Our Mets appeared so brow beaten to behave a certain way, they seem to’ve lost not gained focus.  If you’re not pumped up before the game, or called out then pumped up after a loss, or not truly allowed to enjoy a victory, that can negatively affect anyone and that has bled onto the field.  At least it did.  However after Mr. Manuel, a man unafraid to speak his mind or to make the hard decisions took over you could see the almost instant change in the team’s approach.  You hear it in between the lines whenever our boys are asked who they prefer playing for, #12 or #53 (and I agree with not throwing any former teammate under the bus, so the PC answer is acceptable in these instances).  Now despite the positive influence Mr. Manuel had on the team, it was for only half a season and the residue of the past was ever apparent.  But 2009 is a new year and it brings a fresh start.
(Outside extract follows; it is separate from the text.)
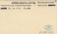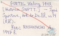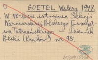 GOETEL Walery 1947 W 40-lecie istnienia Sekcji Narciarskiej Polskiego Towarzystwa Tatrzańskiego.

I believe under Mr. Manuel’s leadership from day one of spring training combined with the fire of the Ace bookends of Johan and K-Rod that the players in the limbo point of young to veteran aka Wright/Reyes will find that Hernandez/Carter-esk differing yet complimentary leadership.  Those two are the present and the future and if they can find a way to remain focused they have the chance to become the premier clubhouse leaders in the majors.  Our guys on the left side of the infield have more potential than almost any Met duo since #17 & #8 graced the green in the crescent.   Like when those legends of yesteryear first arrived in the big apple, DW & JR don’t have help at every position.   They do have and are made stronger with the two Carlos’s.  Beltran may be a quiet player but there’s no mistaking his hard as “nails” style and range on the green.  And I don’t care what anyone says, Delgado should never be overlooked as The Chief.  Again, he’s not the premier first baseman of all time, but we all know what he can do with a healthy bat and he’s saved many a innings when a young pitcher got in trouble, lost focus and then #21 strolls over to the mound and calms him down.  The Chief was our MVP last year.  With those four and the new pitching staff young blood like Murphy and others will develop through example.  Again, it starts at the top.  I will hand it to the Wilpon’s and Omar, they let Mr. Manuel do his thing last season and it resurrected a team most considered dead by mid June.  Sure, in the end we came up one game short but that won’t be the case this year.  I theorize that under Mr. Manuel we have the best shot we’ve had since the glory days of Davey Johnson.  So 2009 here we come!  New leadership, new home, new bullpen and hopefully our roster will take charge and will find a new glory, not imitating Davey’s unique band of champions but forging their own path with inspiration from the legendary leaders of Mets past.

But then again, what do I know?  I have no firm solutions, just ideas from someone who like most of us has spent exactly zero hours in an MLB clubhouse.  But I hope I echo some of your feelings and that you’ll return next Tuesday and every Tuesday to read me rant and bitch and try to make sense out of a game that maybe shouldn’t be made sense of.  And hell, if ya don’t agree with me, come back anyway, comment on what a fool I am and let’s debate baby!  All I know for certain is that in a little over 100 days I’ll take my first trip to Jackie Robinson Field and although the cheap, well not cheap but cheaper seats’ll be on the new and fancable promenade level, as with many of us I will forever remain an Upper Deck Bum.